Ничего я тогда не ответил Профессору. Как бы там ни было, оба мы оказались в незавидном положении - и ему, и мне надо было думать о хлебе насущном. Но все преимущества были на моей стороне, потому что у меня не было растерянности перед предстоящей физической работой. За машинкой, со своими писательскими делами, я отдыхал. Но был лосоповал, большая рыба на Каспии, целлюлозно-картонный комбинат в Астрахани - и это навсегда со мной. Мне было жаль Профессора до слез.

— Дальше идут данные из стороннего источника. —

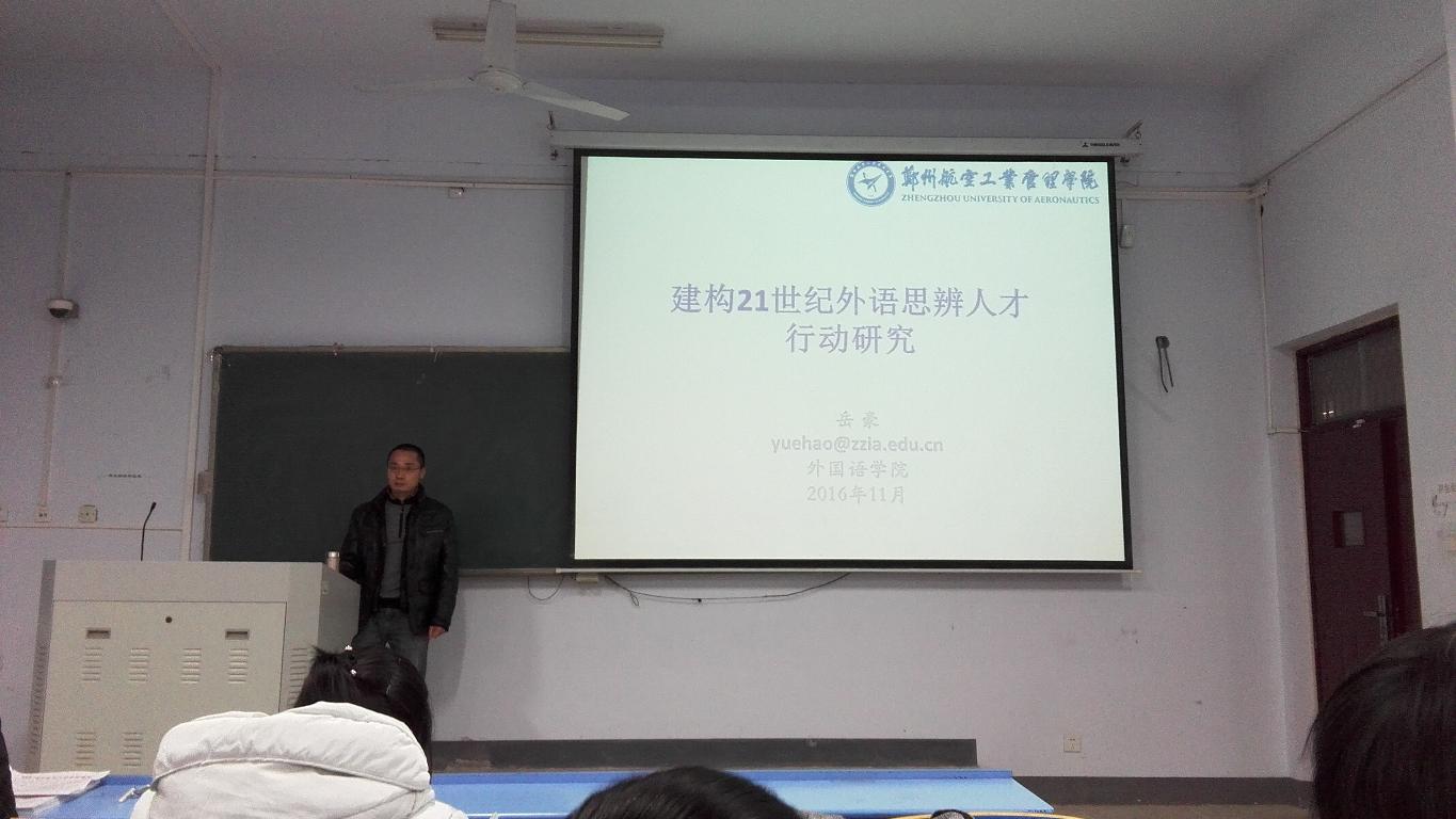 11月22号下午,外国语学院岳豪老师在05B107为学生做了“建构21世纪外语思辨人才行动研究”的主题讲座。
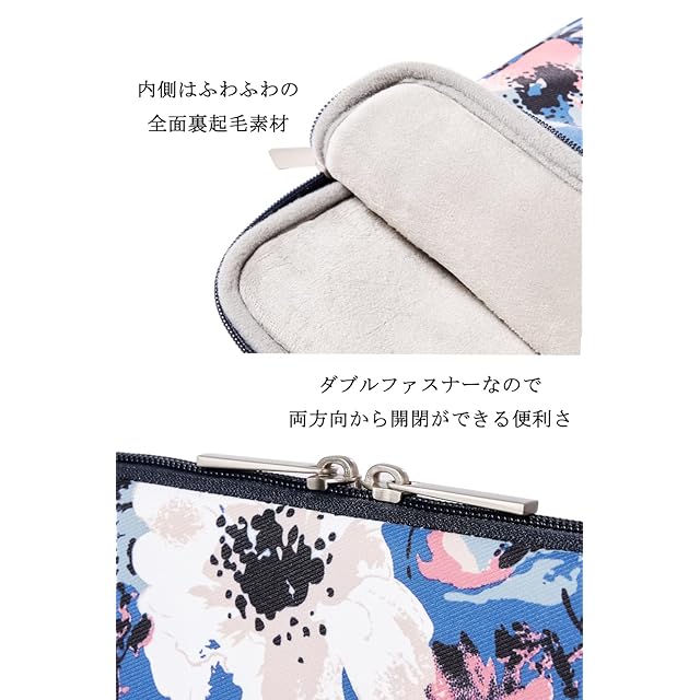 「内側はふわふわの全面裏起毛素材」内側は全面にクッション性に優れたベルベット生地を使用し、柔らかいふわふわの手触りで大切なpcを衝撃から守ります。

А с Чабаном мы побеседовали, когда укладывались на соседние койки спать. Перед тем как прийти на луковые грядки, пришлось мужику два года пожить в неволе. Работал у чеченца чабаном. Поверил легкому заработку. Пьяненького привезли в горы и уже по-другому стали разговаривать. Иногда давали выпить и закусить куском баранины, а в основном - лепешка и вода из целебного источника. Пас овечек с утра до ночи, в любую погоду, под строгим наблюдением крепкого старика, не расстававшегося с длинной берданкой. Случилось, старик занемог и наутро не вышел из сакли - сам Чабан жил вместе с овцами в кошаре. Выгнал овечек на пастбище - нет старика. И ринулся по каменистой тропе вниз. Хозяева по ней раз в неделю поднимались на «уазике». Далеко внизу расстилалась долина. Знал беглец - поймают, прибьют непременно.

Долго ли бежал - не запомнил. На счастье, увидел цепочку людей, спускающихся с гор на тропу. Шестеро ребят - молодые, бородатые, здоровые парни оказались альпинистами. Они возвращались на базу. С плачем рассказал им Чабан о своих мытарствах. Пожалели, подивились жалкому виду мужичонки, одетому в немыслимые лохмотья. Взяли альпинисты Чабана с собой, но с тропы свернули в сторону, чтобы ненароком не столкнуться с хозяевами невольника. О местных порядках были наслышаны.

4

Нашего полку прибывало, и к вечеру почти все кровати были заняты. Многие, более осведомленные, были здесь не по первому разу. И брались за прополку капусты, огурцов и прочих овощей. К луководам относились снисходительно и пугали адским трудом.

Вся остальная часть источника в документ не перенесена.